Heart (Cardiovascular) History: Do you have chest pain or funny beating of the heart?

Abdomen (GI, GU) Exam: Inspect for obvious asymmetry or masses (does the patient’s abdomen look pregnant? Or distended?); lightly palpate the abdomen once in all 4 quadrants (is it soft and non-tender?).

Abdomen (GI) History: Do you have any abdominal pain? Have you had any constipation or diarrhea? Have you had any black stools or blood in your stools?

Pelvic (GU) Exam: You don’t need to examine the genital area unless there is an injury to the area or a pregnant female feels the urge to push – your abdominal exam would have alerted you to possible pelvic pathology when you palpated the lower abdominal quadrants

Pelvic (GU) History: Have you had any pain or difficulty with urination?

Upper Extremities (Integument, Cardiovascular, Neuro, MSK) Exam: Inspect skin for rashes, check both radial pulses at the same time to be efficient, and ensure pulses are not only present, but equal, side to side. While you are doing this ask the patient if he can feel you doing this. Then ask the patient to raise his hands a few inches and open and close his hands. Note any weakness, tremor or complaints of pain.

Upper Extremities (MSK, Neuro, Integumentary) History: Do you have any pain, swelling or weakness of your arms or hands? Are you itchy?

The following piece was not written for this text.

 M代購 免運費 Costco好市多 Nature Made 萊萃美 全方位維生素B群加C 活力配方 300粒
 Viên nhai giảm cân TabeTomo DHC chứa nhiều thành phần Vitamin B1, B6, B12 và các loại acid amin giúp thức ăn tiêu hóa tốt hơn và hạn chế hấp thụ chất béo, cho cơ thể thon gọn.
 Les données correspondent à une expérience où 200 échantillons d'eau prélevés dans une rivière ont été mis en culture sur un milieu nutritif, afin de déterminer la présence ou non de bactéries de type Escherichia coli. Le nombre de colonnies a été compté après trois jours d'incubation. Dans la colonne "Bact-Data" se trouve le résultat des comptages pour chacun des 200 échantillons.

Lower Extremities (Integumentary, Cardiovascular, MSK, Neuro) Exam: Inspect ankles for rashes or swelling (edema). Check both posterior tibial pulses at the same time to be efficient and ensure pulses are not only present, but equal, side to side. (Note that palpation of posterior tibial pulses can be difficult. Don’t waste too much time on this if you can’t find them. If you really need to know if the patient has pulses down there, you could ask the patient to remove their shoes and check for the Dorsalis Pedis pulses. However, be aware that around 15% of the population do not have palpable Dorsalis Pedis pulses.) As you do this ask the patient if he can feel it and if he is tender. Then gently squeeze both calf muscles for tenderness. Ask the patient to wiggle his feet.

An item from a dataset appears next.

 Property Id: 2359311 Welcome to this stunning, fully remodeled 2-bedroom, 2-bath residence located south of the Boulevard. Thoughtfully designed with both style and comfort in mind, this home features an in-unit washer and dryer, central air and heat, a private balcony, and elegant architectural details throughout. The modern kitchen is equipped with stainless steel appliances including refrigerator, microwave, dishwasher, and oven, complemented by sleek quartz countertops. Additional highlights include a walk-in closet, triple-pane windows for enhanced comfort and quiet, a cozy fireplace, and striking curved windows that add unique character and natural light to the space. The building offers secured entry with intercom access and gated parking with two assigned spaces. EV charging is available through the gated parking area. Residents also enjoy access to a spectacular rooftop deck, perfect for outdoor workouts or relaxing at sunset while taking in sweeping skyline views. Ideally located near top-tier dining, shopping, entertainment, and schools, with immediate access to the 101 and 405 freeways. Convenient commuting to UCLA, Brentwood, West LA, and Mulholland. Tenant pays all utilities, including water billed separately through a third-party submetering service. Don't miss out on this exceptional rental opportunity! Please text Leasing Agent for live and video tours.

Lower Extremities (MSK, Cardiovascular) History: Do you have any pain or swelling in your legs or feet?

This seems like a lot to do, but in fact it takes longer to read it than actually do it. You should be able to do a secondary assessment in 1-2 minutes. The key is to practice doing it the same way every time so it becomes automatic. Also practice verbalizing what you are doing so your NREMT examiner knows what you are observing.